YOUR TASK.
Using the listing below, set down each line from the line containing "圖文:江澤民會(huì)見(jiàn)文萊蘇丹 2001年5月15日 15:45" through the line containing "Khách mời được", both ends included, exactly and with nothing added.
BEGIN RECORD EXTRACTS
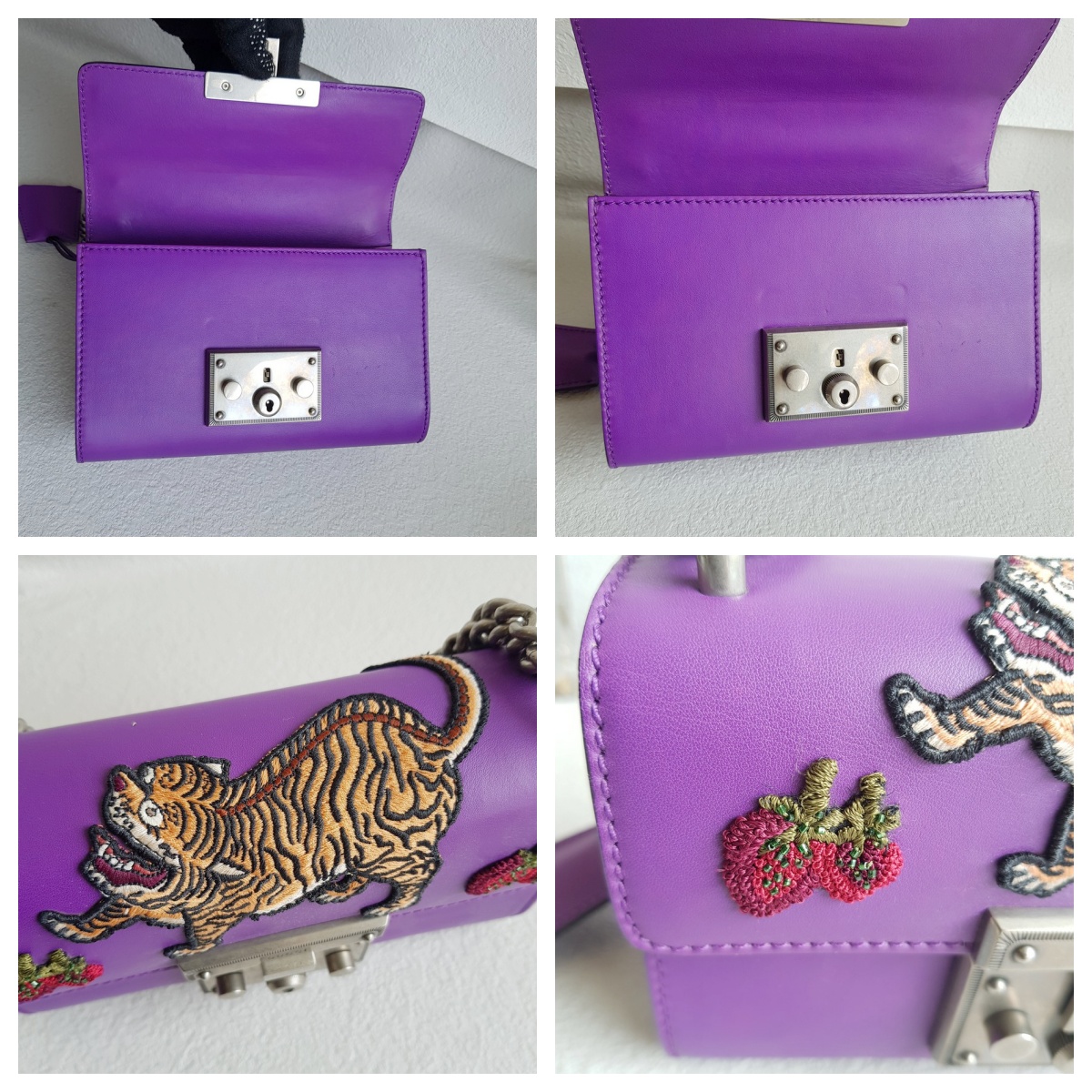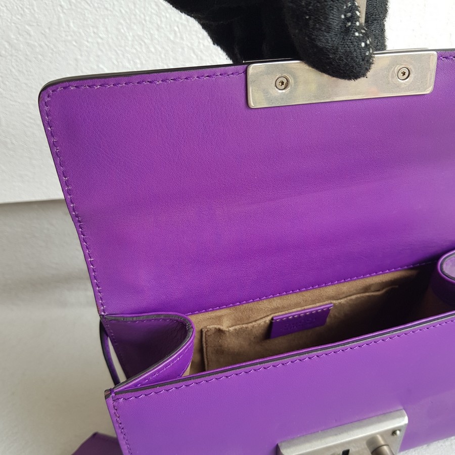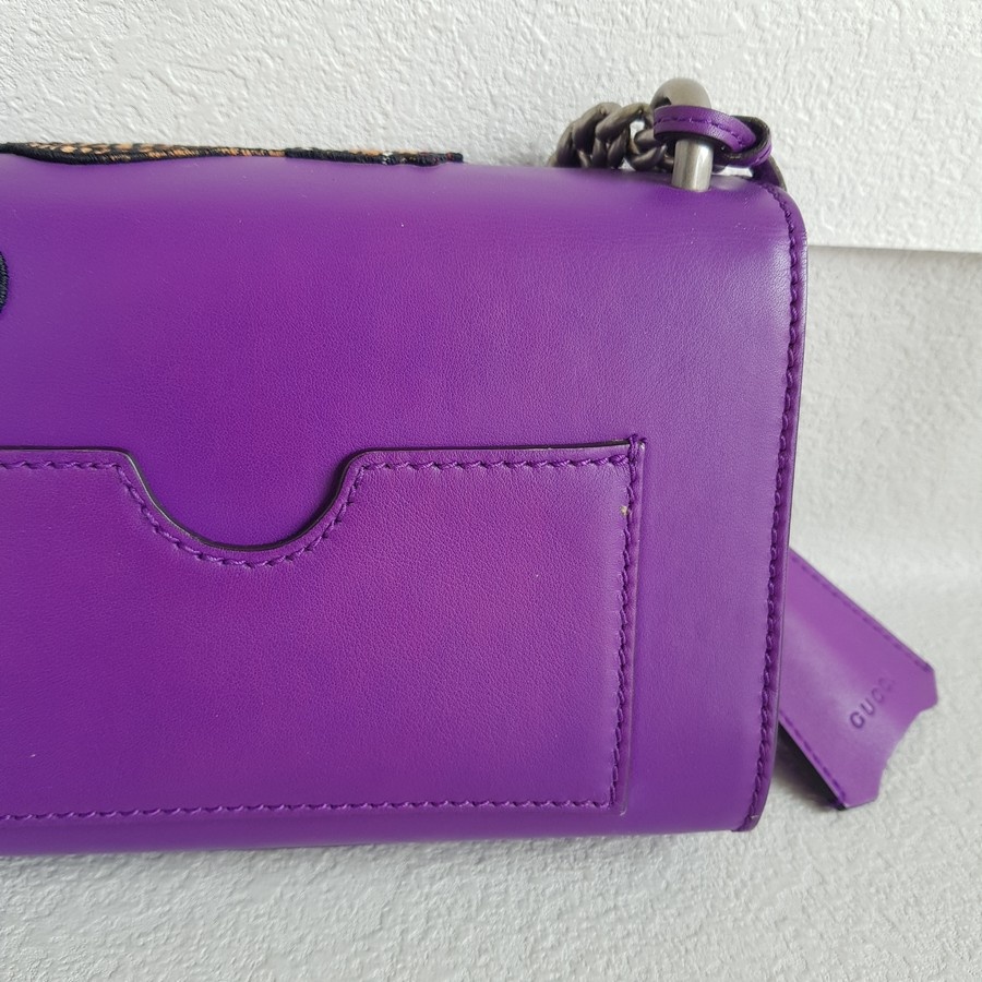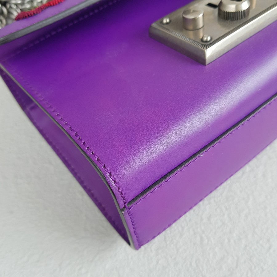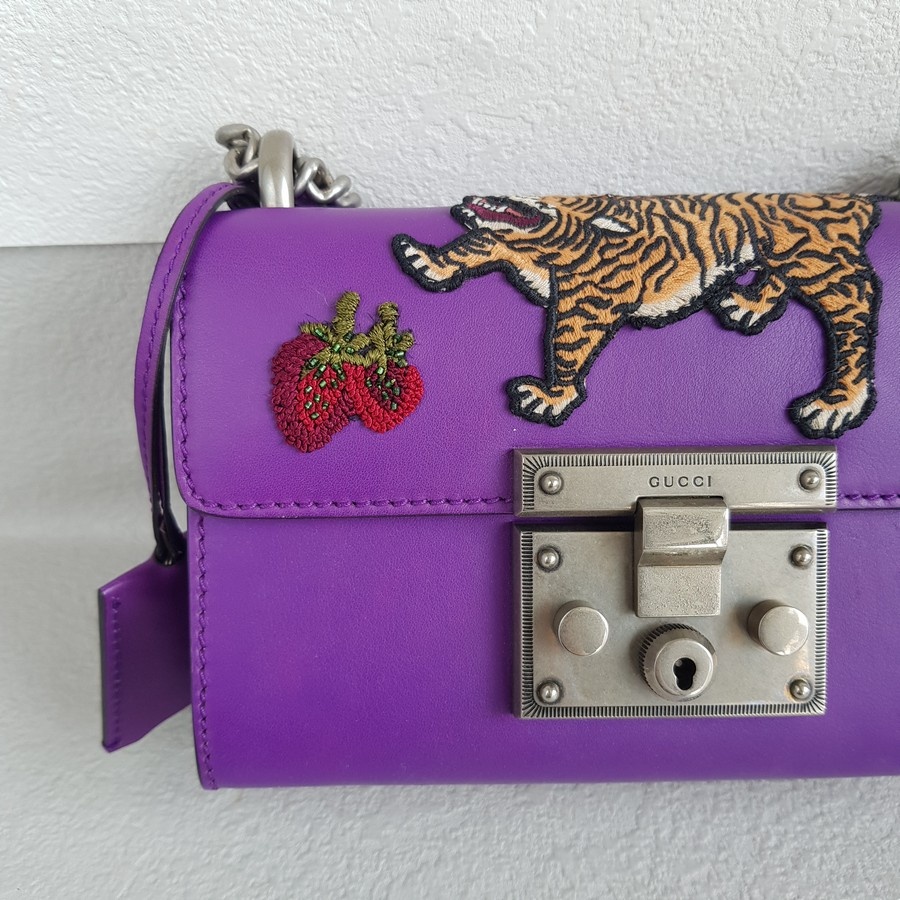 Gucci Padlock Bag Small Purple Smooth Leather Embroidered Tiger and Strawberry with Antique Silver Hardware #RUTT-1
END RECORD EXTRACTS
BEGIN RECORD EXTRACTS
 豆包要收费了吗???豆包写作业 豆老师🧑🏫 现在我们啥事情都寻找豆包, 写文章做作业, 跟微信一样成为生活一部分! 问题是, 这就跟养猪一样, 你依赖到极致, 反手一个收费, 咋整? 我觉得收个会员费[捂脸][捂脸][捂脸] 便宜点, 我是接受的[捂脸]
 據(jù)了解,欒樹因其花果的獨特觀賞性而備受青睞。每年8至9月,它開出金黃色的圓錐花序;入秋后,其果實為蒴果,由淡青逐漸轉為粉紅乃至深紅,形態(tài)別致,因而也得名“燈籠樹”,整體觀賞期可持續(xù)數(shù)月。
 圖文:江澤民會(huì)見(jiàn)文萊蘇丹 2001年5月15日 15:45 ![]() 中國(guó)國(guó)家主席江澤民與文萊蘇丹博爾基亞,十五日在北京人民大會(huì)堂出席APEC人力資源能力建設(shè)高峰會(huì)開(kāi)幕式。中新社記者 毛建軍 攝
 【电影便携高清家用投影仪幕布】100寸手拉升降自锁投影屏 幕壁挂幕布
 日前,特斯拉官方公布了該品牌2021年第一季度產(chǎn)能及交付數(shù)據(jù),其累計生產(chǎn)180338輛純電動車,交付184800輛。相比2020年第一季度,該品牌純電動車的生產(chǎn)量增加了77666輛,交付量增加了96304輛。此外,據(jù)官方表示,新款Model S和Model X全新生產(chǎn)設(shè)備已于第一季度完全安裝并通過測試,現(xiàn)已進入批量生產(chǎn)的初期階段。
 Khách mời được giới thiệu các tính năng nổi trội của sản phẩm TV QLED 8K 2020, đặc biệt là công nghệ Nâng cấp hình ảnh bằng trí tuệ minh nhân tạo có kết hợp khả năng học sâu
END RECORD EXTRACTS
COMPLETED TASK.
 圖文:江澤民會(huì)見(jiàn)文萊蘇丹 2001年5月15日 15:45 ![]() 中國(guó)國(guó)家主席江澤民與文萊蘇丹博爾基亞,十五日在北京人民大會(huì)堂出席APEC人力資源能力建設(shè)高峰會(huì)開(kāi)幕式。中新社記者 毛建軍 攝
 【电影便携高清家用投影仪幕布】100寸手拉升降自锁投影屏 幕壁挂幕布
 日前,特斯拉官方公布了該品牌2021年第一季度產(chǎn)能及交付數(shù)據(jù),其累計生產(chǎn)180338輛純電動車,交付184800輛。相比2020年第一季度,該品牌純電動車的生產(chǎn)量增加了77666輛,交付量增加了96304輛。此外,據(jù)官方表示,新款Model S和Model X全新生產(chǎn)設(shè)備已于第一季度完全安裝并通過測試,現(xiàn)已進入批量生產(chǎn)的初期階段。
 Khách mời được giới thiệu các tính năng nổi trội của sản phẩm TV QLED 8K 2020, đặc biệt là công nghệ Nâng cấp hình ảnh bằng trí tuệ minh nhân tạo có kết hợp khả năng học sâu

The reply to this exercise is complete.